More preferably, the contact surface comprises an arc length which extends from end to end in the range of from 20° (which would result in 18 rotations of the rotatably moveable body member being required for making contact with 360° of the inner surface of the throughbore of the downhole tubular) to 180° (which would result in two rotations being required) and even more preferably from 30° (which would result in 12 rotations being required) to 90° (which would result in four rotations being required) preferably from 45° (which would result in eight rotations being required) to 72° (which would result in five rotations being required) and is most preferably in the region of 60° (which would result in six rotations being required).

Preferably, the retracted position of the contact surface has the contact surface spaced apart from the inner surface of the throughbore of the downhole tubular and typically, the contact surface is wholly located within the apparatus when in the retracted position (such that it does not extend further outwards from the apparatus than other portions of the apparatus).

Preferably, the extended position of the contact surface has the contact surface in contact with the inner surface of the throughbore of the downhole tubular.

The accompanying drawings illustrate presently exemplary embodiments of the disclosure and together with the general description given above and the detailed description of the embodiments given below, serve to explain, by way of example, the principles of the disclosure.

In the description that follows, like parts are marked throughout the specification and drawings with the same reference numerals, respectively. The drawings are not necessarily to scale. Certain features of the invention may be shown exaggerated in scale or in somewhat schematic form, and some details of conventional elements may not be shown in the interest of clarity and conciseness. The present invention is susceptible to embodiments of different forms. Specific embodiments of the present invention are shown in the drawings and herein will be described in detail, with the understanding that the present disclosure is to be considered an exemplification of the principles of the invention and is not intended to limit the invention to that illustrated and described herein. It is to be fully recognised that the different teachings of the embodiments discussed below may be employed separately or in any suitable combination to produce the desired results.

The following definitions will be followed in the specification. As used herein, the term "wellbore" refers to a wellbore or borehole being provided or drilled in a manner known to those skilled in the art. The wellbore may be ‘open hole’ or ‘cased’, being lined with a tubular string. Reference to up or down will be made for purposes of description with the terms "above", "up", "upward", "upper" or "upstream" meaning away from the bottom of the wellbore along the longitudinal axis of a work string toward the surface and "below", "down", "downward", "lower" or "downstream" meaning toward the bottom of the wellbore along the longitudinal axis of the work string and away from the surface and deeper into the well, whether the well being referred to is a conventional vertical well or a deviated well and therefore includes the typical situation where a rig is above a wellhead, and the well extends down from the wellhead into the formation, but also horizontal wells where the formation may not necessarily be below the wellhead. Similarly ‘work string’ refers to any elongate member (such as a wire or cable) or tubular arrangement for conveying fluids and/or tools from a surface into a wellbore. In the present invention, slickline is the preferred work string.

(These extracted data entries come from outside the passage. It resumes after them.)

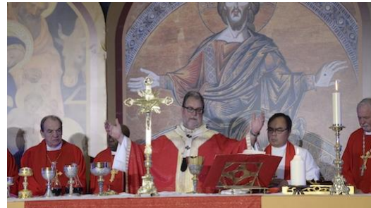
Bishops and Archbishops of the Patriarch's council

For the complete story and full audio of the messages go to www.cechome.com website for both download and streaming.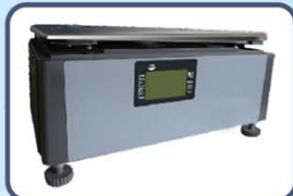
customer display (back of no-display-pole scale)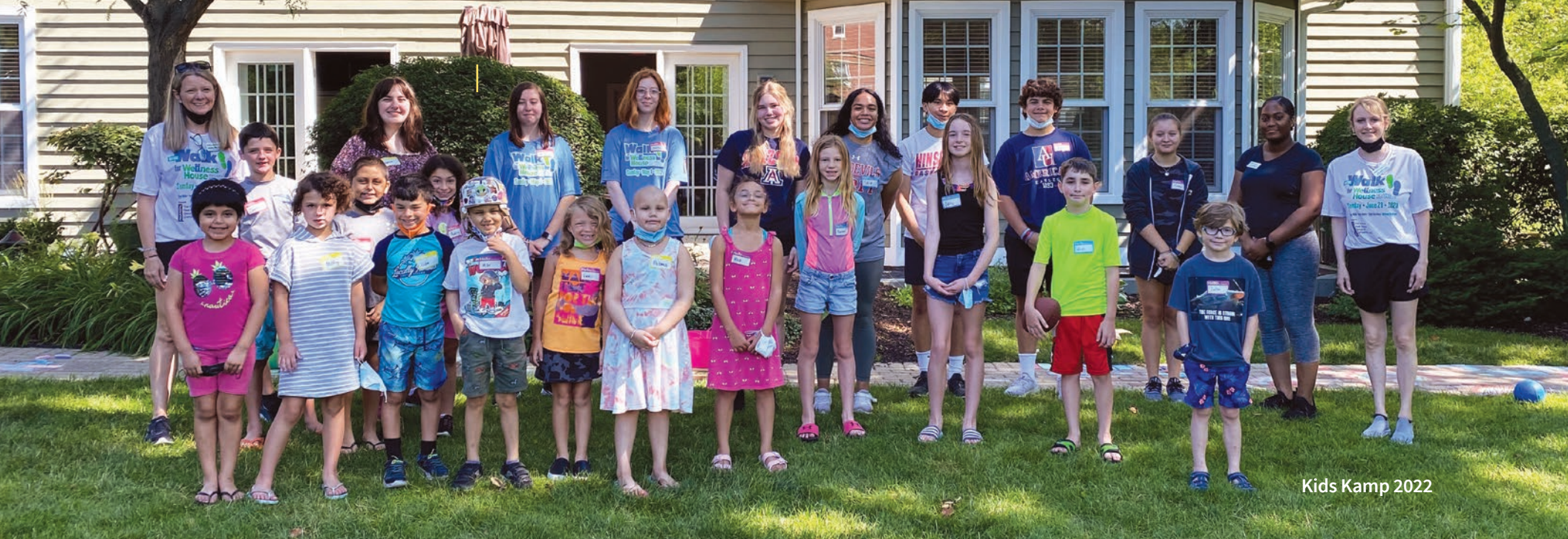
Kids Kamp 2022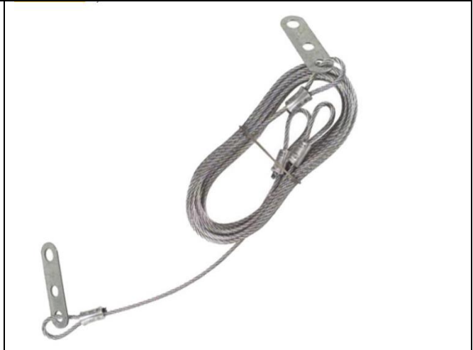
This is a kit you can purchase from your local hardware store.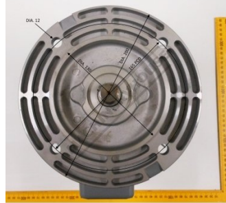
5BM0116 MOTOR 415V 7A 2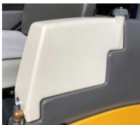
Antifreeze tank for water sprinkling piping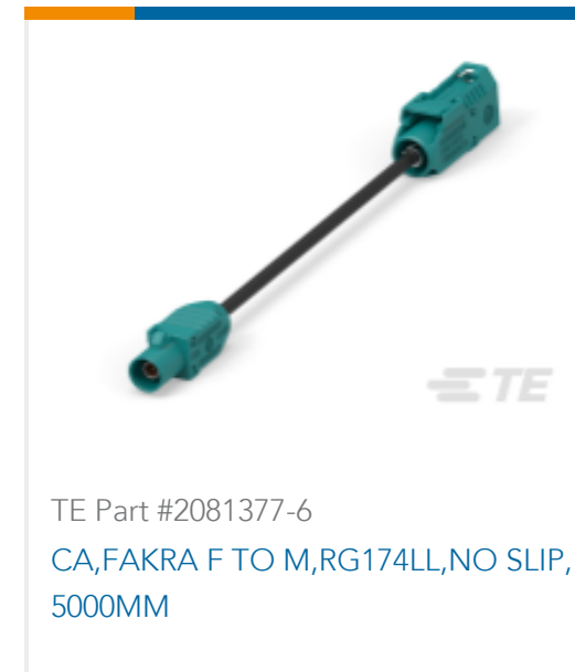
TE Part #2081377-6 CA, FAKRA F TO M, RG174LL, NO SLIP, 5000MM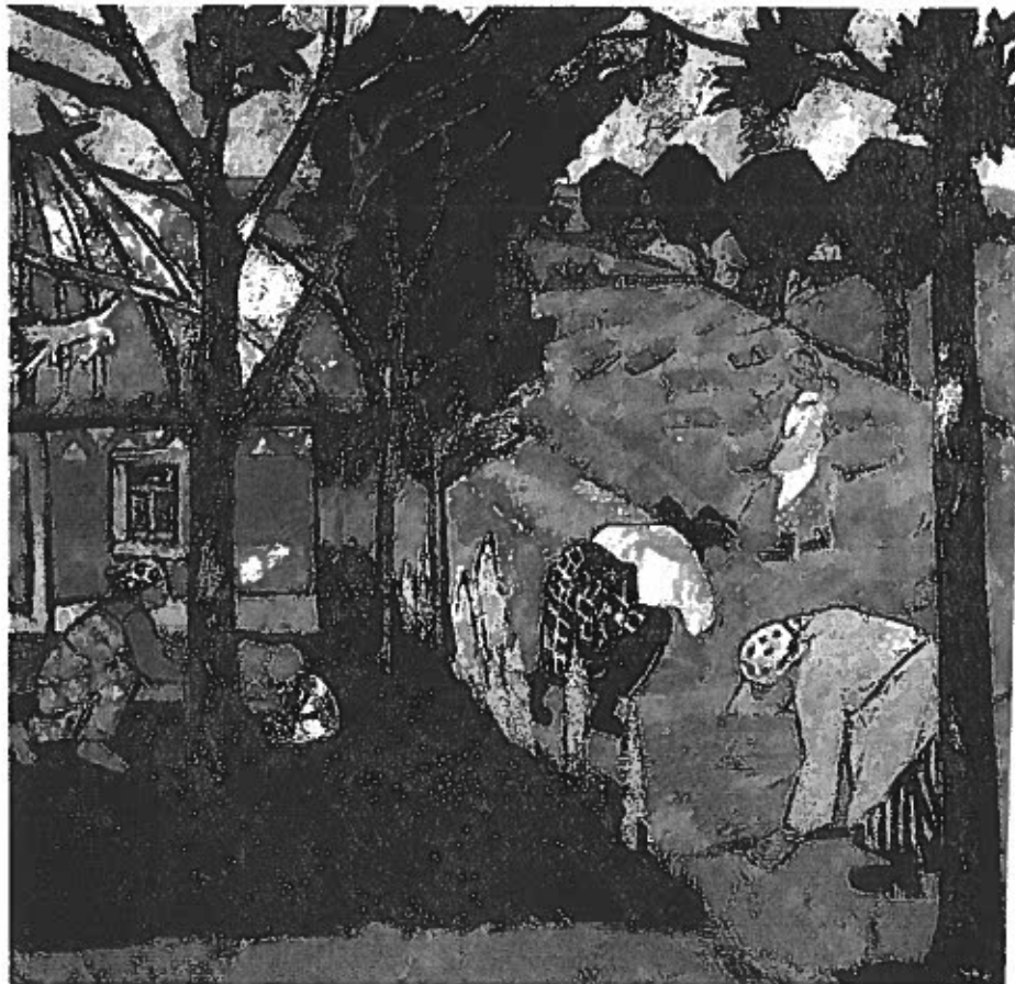
Grain Harvest (1908), Natalia Sergeevna Goncharova. Oil on canvas, 96 cm x 103 cm, The State Russian Museum, St. Petersburg, Russia.

Simon took yarn, put it round his thumb and began to twist it.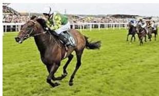
Rakti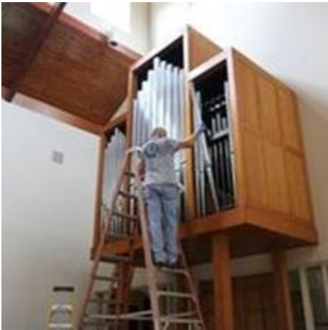
Cornell Zimmer (the original commissioned maker of the Pipe Organ) cleaning the pipes and box casing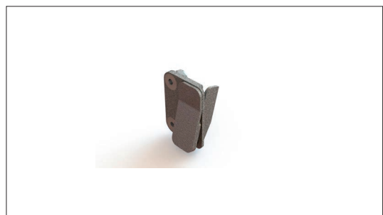
111-00144 Interval locking optional height.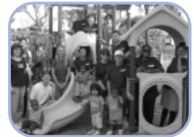
Nissan employees taking a break to play with LBDN children.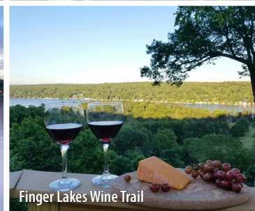
Finger Lakes Wine Trail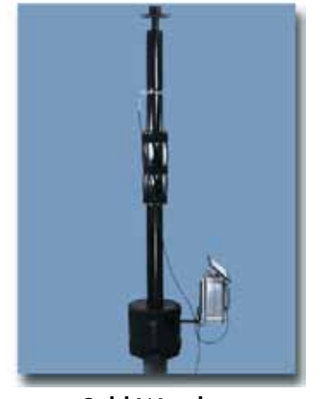
Cold Weather Insulation Kit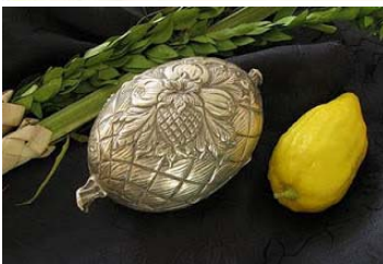
17. John 7-12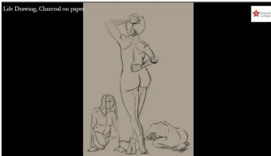
Life Drawing, charcoal on paper, Swindon College, 2007.

Responsible for: Character Animation. Software: Autodesk Maya.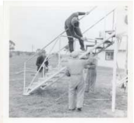
6 Stairway to heaven.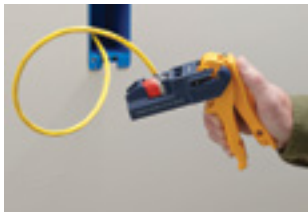
5. Pull trigger completely and remove excess wire prior to releasing trigger.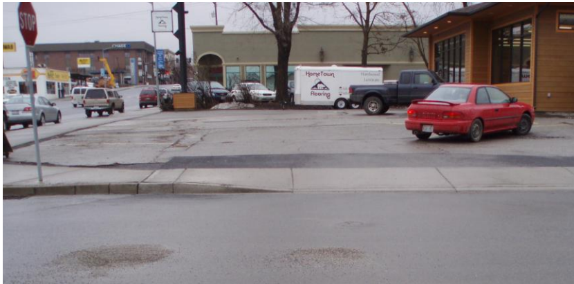
Former Whitty's Minimart Location

Ecology has taken several steps at the site to cleanup soil, groundwater, and surface water contamination. Air quality issues resulting from gasoline vapors were also addressed at the site. Cleanup criterion has been met over an extended period of cleanup actions and monitoring since 1984. Ecology now proposes removing the site from the Hazardous Sites List.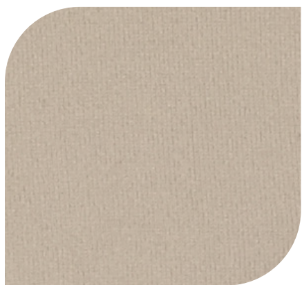
10# Dark khaki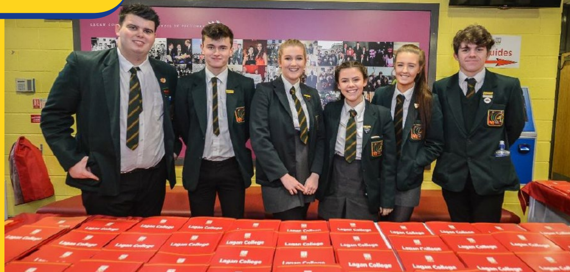
Senior students at Lagan College which will expand its sixth form from September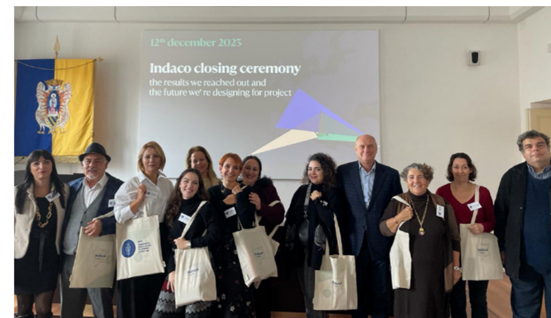
04. The final meeting of the project, with some of partners involved.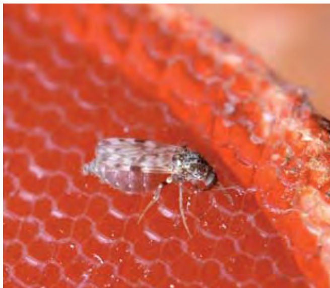
Figure 9. Adult biting midge, Culicoides sonorensis Wirth and Jones.

Adults are less than \frac{1}{8} inch and sometimes closer to \frac{1}{16} of an inch in length (Figure 9). Wings are covered with dense hairs that result in pigmented patterns on the wings. Mouthparts are well-developed with elongated mandibles adapted for blood sucking. Both males and females feed on nectar, but only the female feeds on blood, which is necessary for her eggs to mature. Biting midge eggs are only about \frac{1}{100} inch long and are laid on moist soil. Eggs hatch into worm-like larvae with short

The various aspects of the present invention can be practiced alone or in combination with one or more of the other aspects, as will be appreciated by those skilled in the relevant arts. The various aspects of the invention can optionally be provided in combination with one or more of the optional features of the other aspects of the invention. Also, optional features described in relation to one embodiment can typically be combined alone or together with other features in different embodiments of the invention. Additionally, any feature disclosed in the specification can be combined alone or collectively with other features in the specification to form an invention.

Various embodiments and aspects of the invention will now be described in detail with reference to the accompanying figures. Still other aspects, features and advantages of the present invention are readily apparent from the entire description thereof, including the figures, which illustrates a number of exemplary embodiments and aspects and implementations. The invention is also capable of other and different embodiments and aspects, and its several details can be modified in various respects, all without departing from the spirit and scope of the present invention.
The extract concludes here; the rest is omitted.